Quick question

**zsig013** · April 9th 2008, 04:00 PM

$y^2-2x^2 = 2y+1$
Need to find all points where the tangent line is horizontal.
To do this you just find the derivative and set it to 0 and solve right? The only thing that is tripping me up is the equation. What form do I need to put it into?

**mr fantastic** · April 9th 2008, 04:05 PM

Originally Posted by zsig013

$y^2-2x^2 = 2y+1$
Need to find all points where the tangent line is horizontal.
To do this you just find the derivative and set it to 0 and solve right? The only thing that is tripping me up is the equation. What form do I need to put it into?

Use implicit differentiation to get dy/dx as a function of y and x: $\frac{dy}{dx} = \frac{2x}{y-1}$ .

Solve $\frac{dy}{dx} = 0$ : x = 0.

Substitute x = 0 into $y^2-2x^2 = 2y+1$ and solve for the y-coordinate. Check that the solution(s) do NOT satisfy y - 1 = 0 (why?)

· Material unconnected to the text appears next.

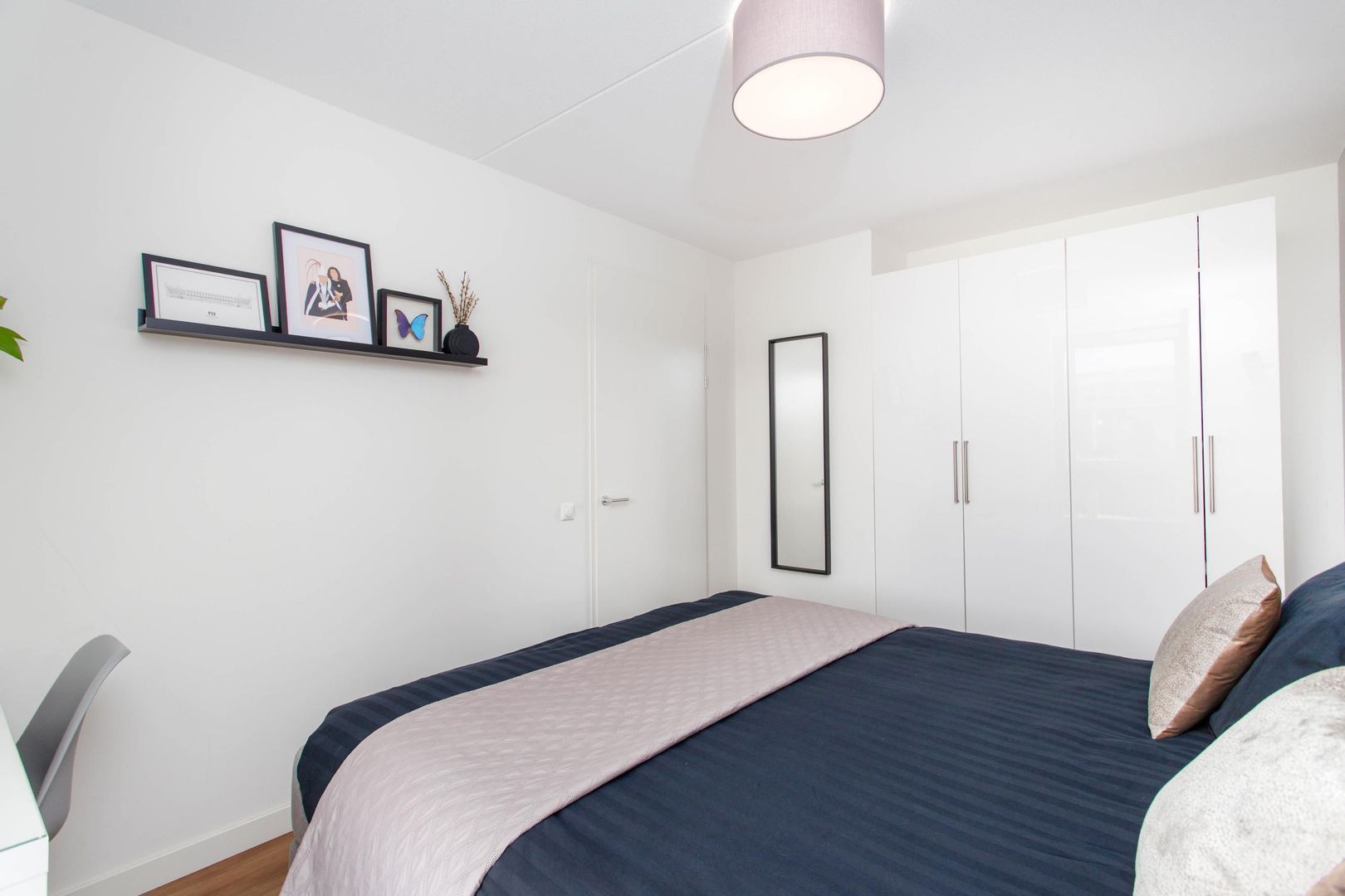 Via de hal zijn de twee ruime slaapkamers bereikbaar, die net als de rest van de woning zijn voorzien van een pvc-vloer en strak gestuukte wanden. De badkamer is ruim van formaat en beschikt over een inloopdouche en wastafel. Het separate toilet en de inpandige berging met aansluiting voor de wasmachine completeren het appartement.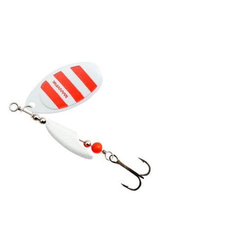 Rotačka Mobby F byla navržena tak, aby vyřešila odvěký problém rotačních třpytek - kroucení vlasce. Manyfik odpovídá - NIKDY VÍCE ! Korpus třpytky byl navržen tak, aby měl excentrický tvar a bránil přenášení rotace listu na vlasec. Klasické křidélko typu AGLIA potěší rybáře lovící okouny a štiky. Kulatý korálek je dodatečným spouštěčem záběrů, který pro okouny i štiky působí jako velmi dráždivé místo, kam směřuje svůj útok na nástrahu. Třpytky Mobby F jsou dostupné s křidélkem z niklu (stříbrné) nebo z mosazi (zlaté a lakované).

**Mathstud28** · April 9th 2008, 04:35 PM

Originally Posted by zsig013

$y^2-2x^2 = 2y+1$
Need to find all points where the tangent line is horizontal.
To do this you just find the derivative and set it to 0 and solve right? The only thing that is tripping me up is the equation. What form do I need to put it into?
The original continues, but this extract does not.